Altogether, therefore, the recently refined Y-chromosome tree strongly suggests that R1a is indeed a highly plausible marker for the long-contested Bronze Age spread of Indo-Aryan speakers into South Asia, although dated aDNA evidence will be needed for a precise estimate of its arrival in various parts of the Subcontinent. aDNA will also be needed to test the hypothesis that there were several streams of Indo-Aryan immigration (each with a different pantheon), for example with the earliest arriving ~3.4 ka and those following the Rigveda several centuries later . Although they are closely related, suggesting they likely spread from a single Central Asian source pool, there do seem to be at least three and probably more R1a founder clades within the Subcontinent , consistent with multiple waves of arrival. Genomic Y-chromosome phylogeography is in its infancy compared to mitogenome analysis so it is of course likely that the picture will evolve with sequencing of further South Asian Y-chromosomes, but the picture is already sufficiently clear that we do not expect it to change drastically.
Although these migrations appear to have been male-driven, it might nevertheless be possible to detect a minor maternal signal. For example, haplogroup H2b (dating to 6.2 ka [3.8–8.7] ka; Fig. 6) is a starlike subclade with a probable ultimate ancestry in Eastern Europe, but includes several South Asian lineages (from Pakistan, India and Sri Lanka) that probably arrived more recently from Central Asia. Tellingly, H2b also includes two aDNA samples (Fig. 6): one individual from the small number of Yamnaya sampled to date [53, 76] and another from the Late Bronze Age Srubnaya culture .
Even so, the spread of Indo-European within the Subcontinent seems to have been mainly male-mediated, in agreement with recent X-chromosome analyses  and as indicated by the high frequency of West Eurasian (mainly R1a) paternal lineages across the region—varying in the 1KG data from ~25% in the northwest and ~20% in the northeast to ~14% in the south, but much more dramatically when taking caste and language into account (from almost 50% in upper-caste Indo-European speakers to almost zero in eastern Austro-Asiatic speakers) [12, 56, 59]. This present-day distribution cannot be directly correlated with language replacement, however, since the signal is also strong in Dravidian-speaking populations (Fig. 3). The last four millennia witnessed major cultural changes in the Indian Subcontinent, with the decline of the Indus Valley civilisation and the rise of Vedic religion, based on a strict caste system, often associated with the arrival of Indo-Aryan speakers. The mix of autochthonous and immigrant genetic lineages seen across South Asia, however, suggests a gradual merging of male-dominated Andronovo/BMAC immigrants with the indigenous descendants of the Indus Valley civilisation , possibly associated with the spread of the Megalithic culture as far south as Sri Lanka in the first century Before Common Era (BCE), prior to the establishment of the full jāti caste system very roughly ~2 ka [12, 103]. Basu et al.  date the “freezing” of India’s population structure to ~1.5 ka.

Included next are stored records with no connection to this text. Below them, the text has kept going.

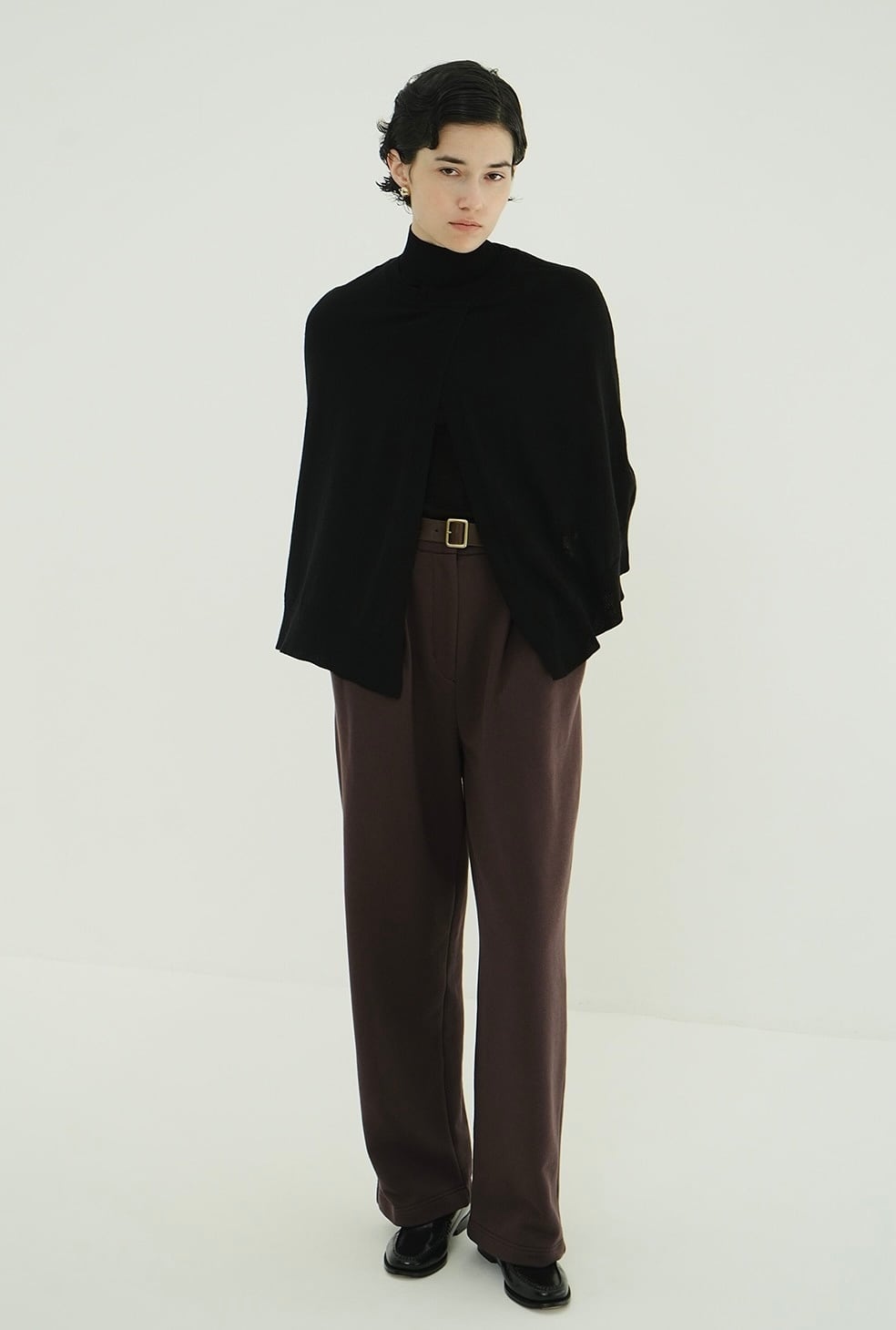 タックによって腰まわりにゆとりを持たせ、リラックス感のある快適な穿き心地に仕上げました。スウェット特有のカジュアルさは残しつつ、前開きのスラックス仕様でモードな雰囲気をプラス。ウエストは後ろがゴム仕様で、ベルトループ付きのデザイン。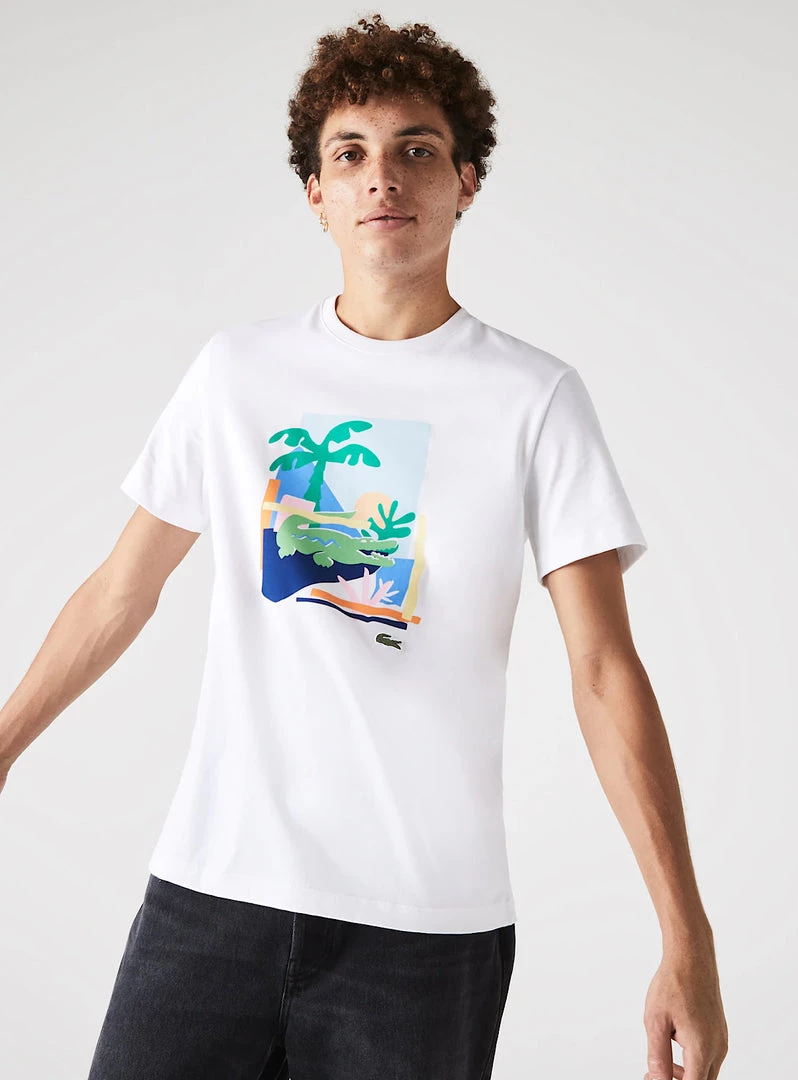 Pop flair injects energy into this crew neck T-shirt. With a graphic print on the chest, the thick cotton jersey piece features a trendy regular fit. A great item when you need a cheeky dose of color.
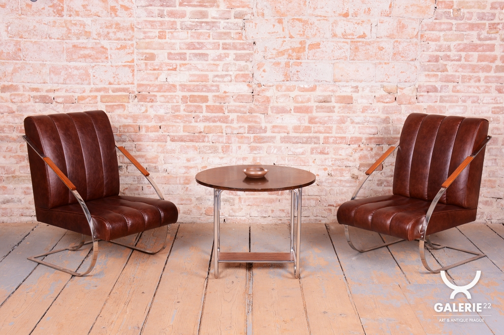 Tato křesla se vyznačují netypickým provedením z plochého pružného železa, které nápadně připomíná tvorbu slavného architekta Ludwiga Miese van der Rohe. Jejich nevídané provedení pochází z Brna, kde Mies van der Rohe pracoval na projektu ikonické vily Tugendhat, což přidává křeslům historický kontext a výjimečnost.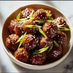 This Crockpot Honey Garlic Meatballs recipe is a simple and flavorful slow-cooked dish featuring tender meatballs coated in a sweet and savory honey garlic sauce. Perfect for easy weeknight dinners or gatherings, these meatballs are cooked low and slow to infuse maximum flavor and served garnished with sesame seeds and green onions for added freshness and texture.
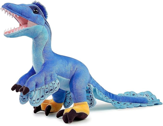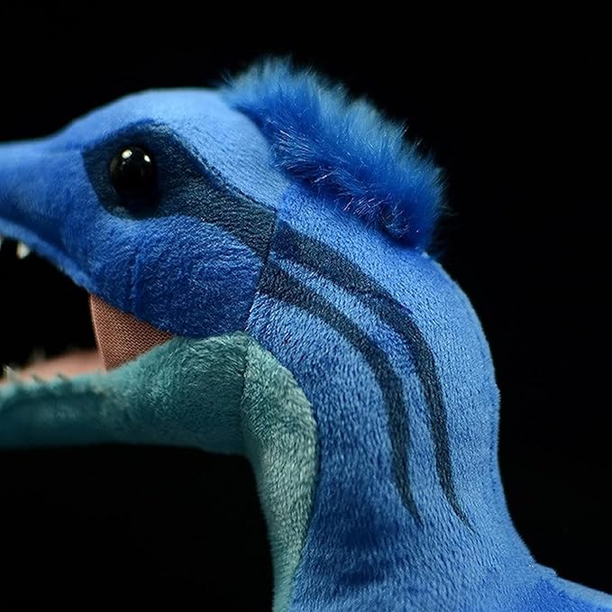 - REALISTIC DINOSAUR PLUSH TOY: This is a lifelike blue Long Microraptor Simulation Model toy, the details are realistic. The adorable face and squeezable body of our Microraptor plush are made from premium cloth and filler. its the light blue fur is smooth and soft, The blue back stripe is transparent, slender neck, lovely light blue wings, and the face design is unique, very realistic.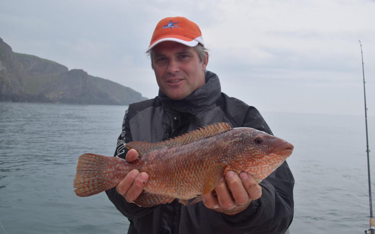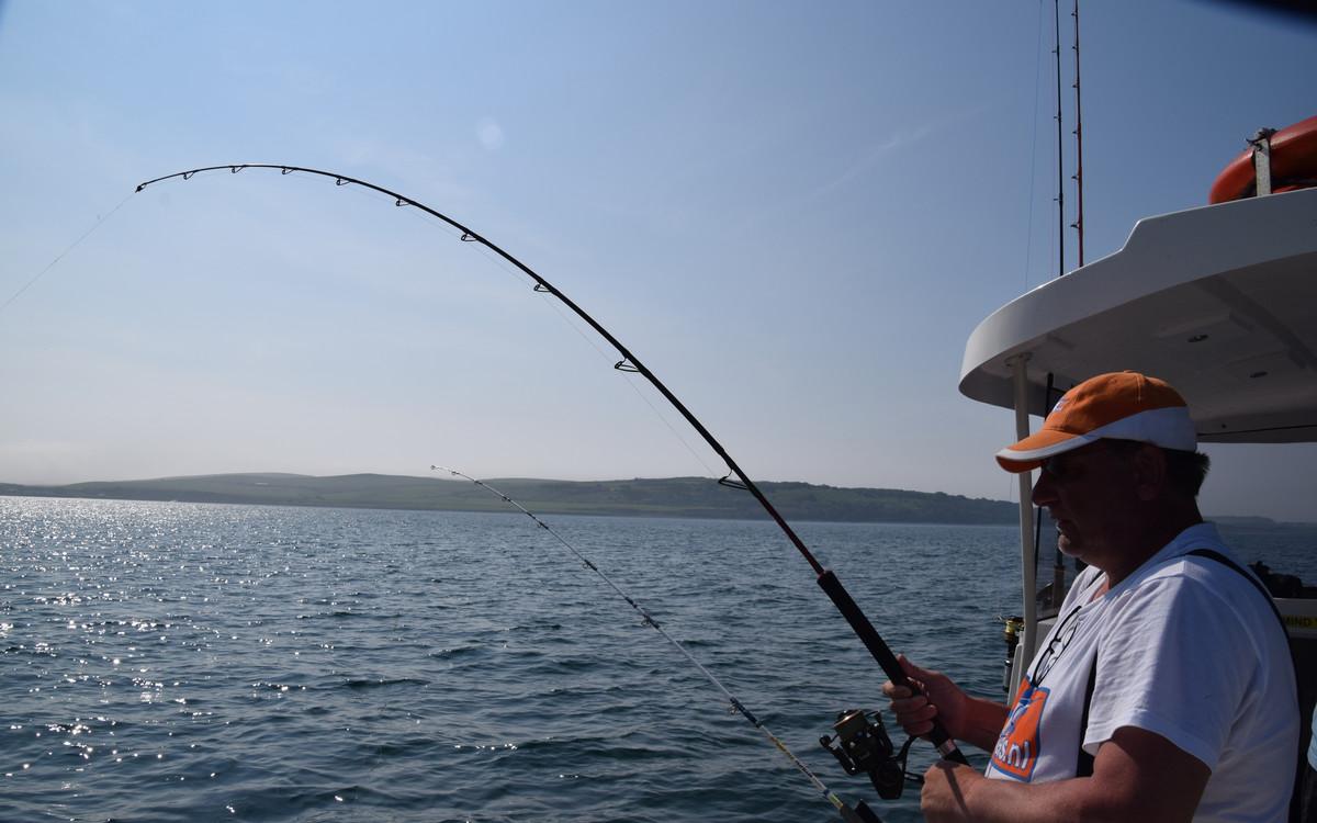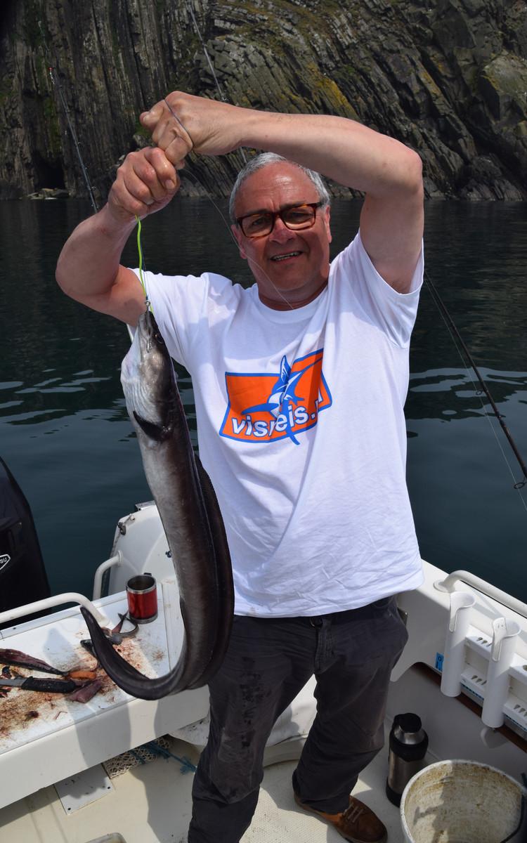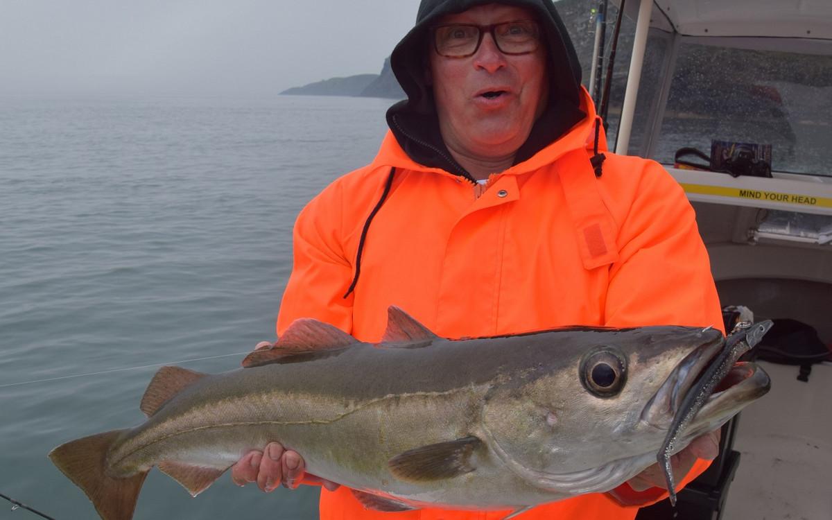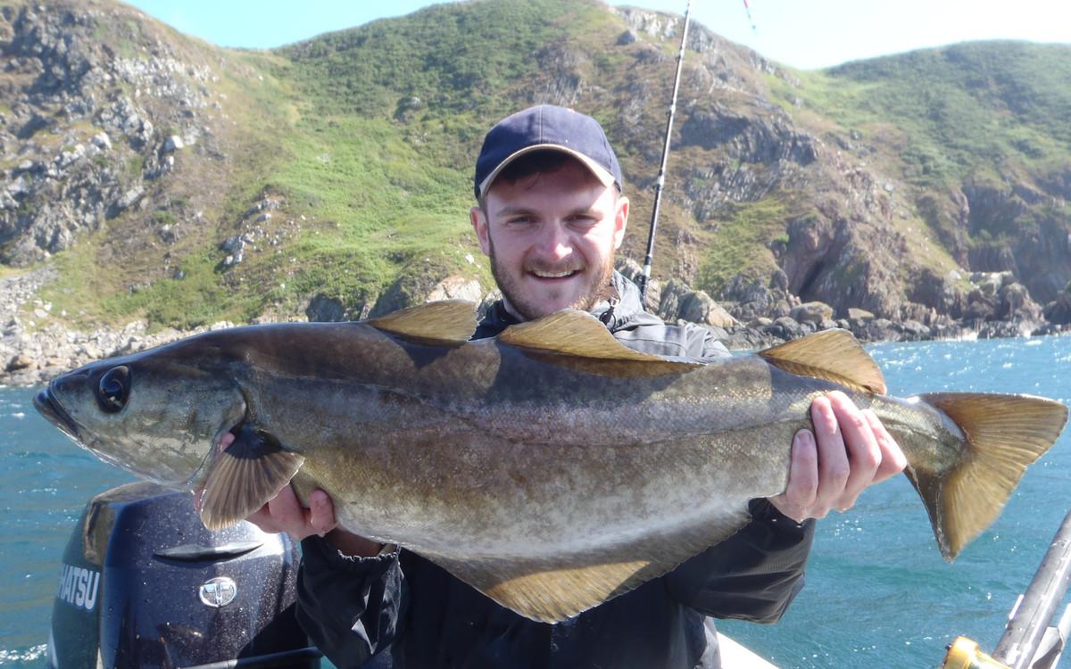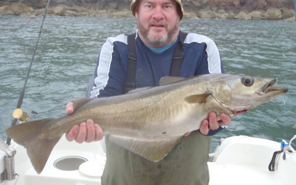 POLLAK Het vissen op pollak vindt plaats op slechts enkele meters vanaf de kliffen waardoor je hier (bijna) altijd beschut kunt vissen en er praktisch geen dagen uitvallen. Een typische dag begint met het vangen van makrelen om voldoende aas aan boord te hebben. Daarna wordt overgeschakeld op de garnalen paternoster om daarmee verse zandaal te vangen. Deze wordt als levend aas voor de pollak gebruikt. De keuze is nu aan jou om met een dobber of middels free-linen te gaan vissen op pollak. een gemiddelde dag brengt op de boot zo’n 100 + pollak voort dus het blijft werken met gemiddelde exemplaren tussen 2,5 en 5 kilo en uitschieters naar 8 a 9 kilo. deze vissen geven je een fantastisch gevecht en doen voor niets onder voor collega koolvis. De vreugde wordt verder verhoogd door gebruik te maken van een zeebaarshengel die nog meer actie oplevert. Op dezelfde locaties wordt ook koolvis, conger en lipvis gevangen. Vanzelfsprekend wordt de conger met een zwaardere set up bevist waar bij 20-30 lbs raadzaam is.

Although the mtDNA does not suggest similar continent-wide dispersals involving women, the last ~4 ka nevertheless witnessed a profound impact on the demography of maternal lineages, with a population increment associated with the indigenous lineages which might have involved local movements and facilitated the diffusion of the Indo-Aryan languages. This expansion is mainly evident amongst the autochthonous lineages in west and central South Asia.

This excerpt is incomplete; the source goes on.